━━━━━ DATA UNDER STUDY
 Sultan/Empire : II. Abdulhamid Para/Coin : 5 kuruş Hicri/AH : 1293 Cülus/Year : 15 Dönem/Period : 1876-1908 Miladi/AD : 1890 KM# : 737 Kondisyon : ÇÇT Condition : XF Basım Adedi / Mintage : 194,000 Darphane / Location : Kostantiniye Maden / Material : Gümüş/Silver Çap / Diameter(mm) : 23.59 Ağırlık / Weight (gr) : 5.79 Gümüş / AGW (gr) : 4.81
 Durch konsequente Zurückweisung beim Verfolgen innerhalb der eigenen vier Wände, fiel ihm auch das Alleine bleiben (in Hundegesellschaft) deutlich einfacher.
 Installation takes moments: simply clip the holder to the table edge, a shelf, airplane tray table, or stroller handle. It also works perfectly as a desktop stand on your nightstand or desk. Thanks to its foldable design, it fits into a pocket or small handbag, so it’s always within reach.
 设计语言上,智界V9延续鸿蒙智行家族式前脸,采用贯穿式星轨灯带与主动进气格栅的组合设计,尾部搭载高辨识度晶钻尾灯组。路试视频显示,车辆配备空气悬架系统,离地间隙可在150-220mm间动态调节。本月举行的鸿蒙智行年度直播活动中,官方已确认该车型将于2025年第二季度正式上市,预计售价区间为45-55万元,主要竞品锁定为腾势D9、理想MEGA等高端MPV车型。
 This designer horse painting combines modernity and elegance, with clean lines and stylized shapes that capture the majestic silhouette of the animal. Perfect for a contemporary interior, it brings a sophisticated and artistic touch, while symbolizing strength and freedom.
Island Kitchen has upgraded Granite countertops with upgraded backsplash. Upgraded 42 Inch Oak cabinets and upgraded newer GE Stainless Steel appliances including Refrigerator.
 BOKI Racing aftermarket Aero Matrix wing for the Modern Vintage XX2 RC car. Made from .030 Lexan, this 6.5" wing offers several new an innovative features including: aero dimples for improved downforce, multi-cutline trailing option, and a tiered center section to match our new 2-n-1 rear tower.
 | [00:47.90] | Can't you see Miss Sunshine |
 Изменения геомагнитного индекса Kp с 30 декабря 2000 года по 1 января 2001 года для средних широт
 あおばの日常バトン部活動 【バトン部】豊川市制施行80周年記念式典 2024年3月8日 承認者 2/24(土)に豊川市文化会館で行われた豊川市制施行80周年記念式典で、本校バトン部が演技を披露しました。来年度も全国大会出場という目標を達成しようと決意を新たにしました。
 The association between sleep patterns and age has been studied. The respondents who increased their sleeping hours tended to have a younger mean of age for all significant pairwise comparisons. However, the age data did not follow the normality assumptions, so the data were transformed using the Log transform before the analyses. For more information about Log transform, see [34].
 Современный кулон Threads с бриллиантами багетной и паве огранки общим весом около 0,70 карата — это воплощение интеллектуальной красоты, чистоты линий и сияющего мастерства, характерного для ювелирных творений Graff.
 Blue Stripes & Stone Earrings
━━━━━━━━━━
━━━━━ DATA UNDER STUDY
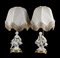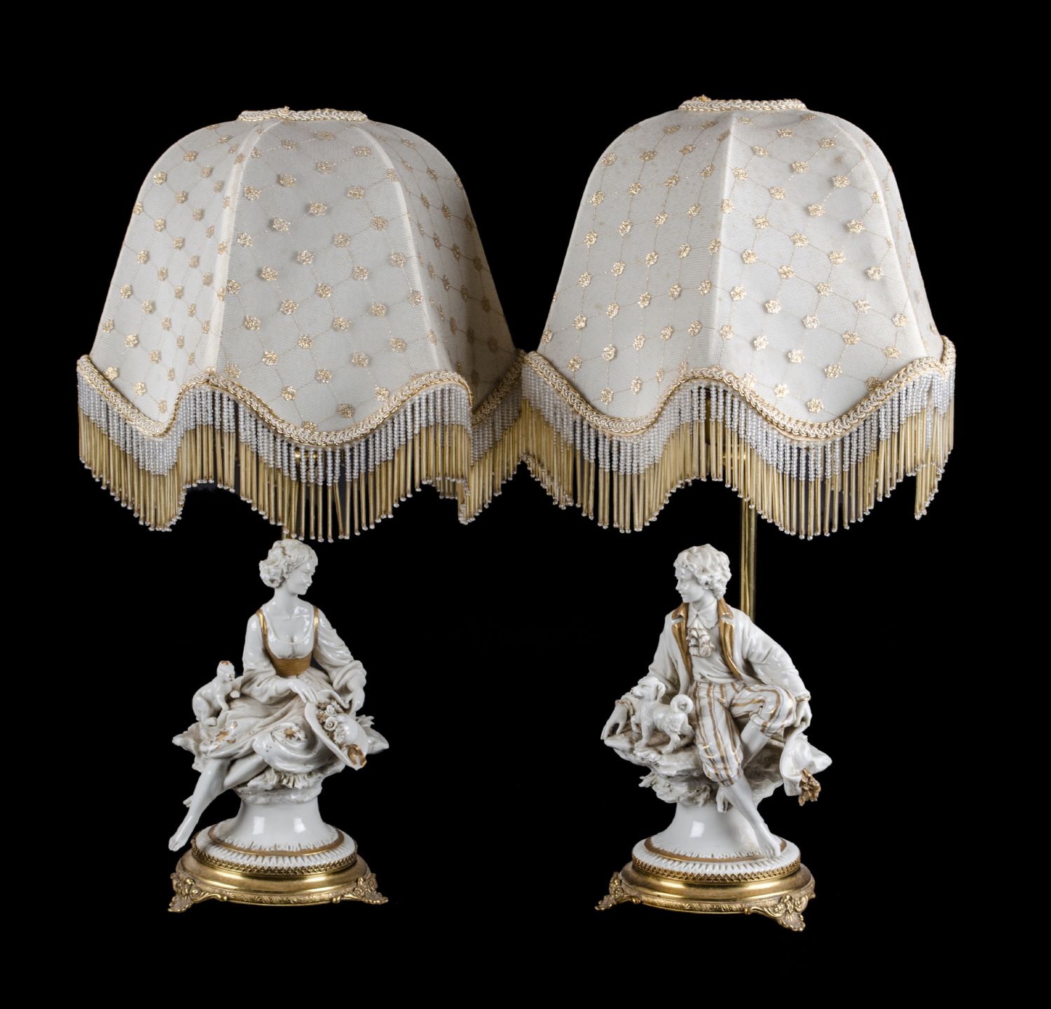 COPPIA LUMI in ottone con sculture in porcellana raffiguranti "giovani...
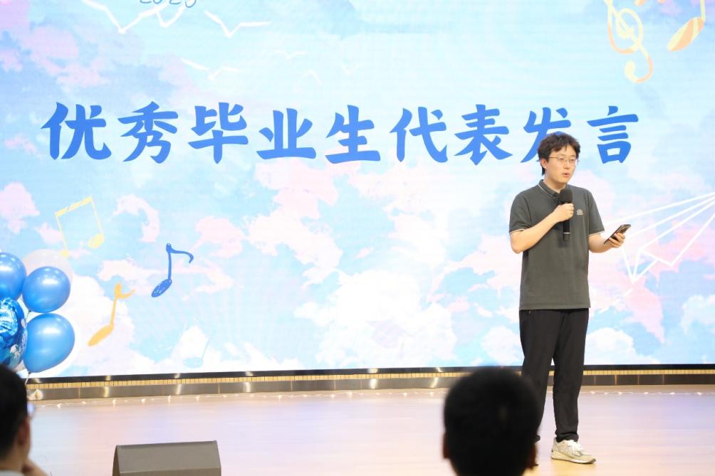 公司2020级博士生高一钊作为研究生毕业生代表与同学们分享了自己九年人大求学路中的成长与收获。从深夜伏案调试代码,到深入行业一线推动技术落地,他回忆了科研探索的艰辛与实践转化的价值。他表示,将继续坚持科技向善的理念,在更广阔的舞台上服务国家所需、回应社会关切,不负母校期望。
━━━━━━━━━━
**EXERCISE:** Copy out each line from the preceding entries that mentions the word "including".

**WRITTEN SOLUTION:**
Island Kitchen has upgraded Granite countertops with upgraded backsplash. Upgraded 42 Inch Oak cabinets and upgraded newer GE Stainless Steel appliances including Refrigerator.
 BOKI Racing aftermarket Aero Matrix wing for the Modern Vintage XX2 RC car. Made from .030 Lexan, this 6.5" wing offers several new an innovative features including: aero dimples for improved downforce, multi-cutline trailing option, and a tiered center section to match our new 2-n-1 rear tower.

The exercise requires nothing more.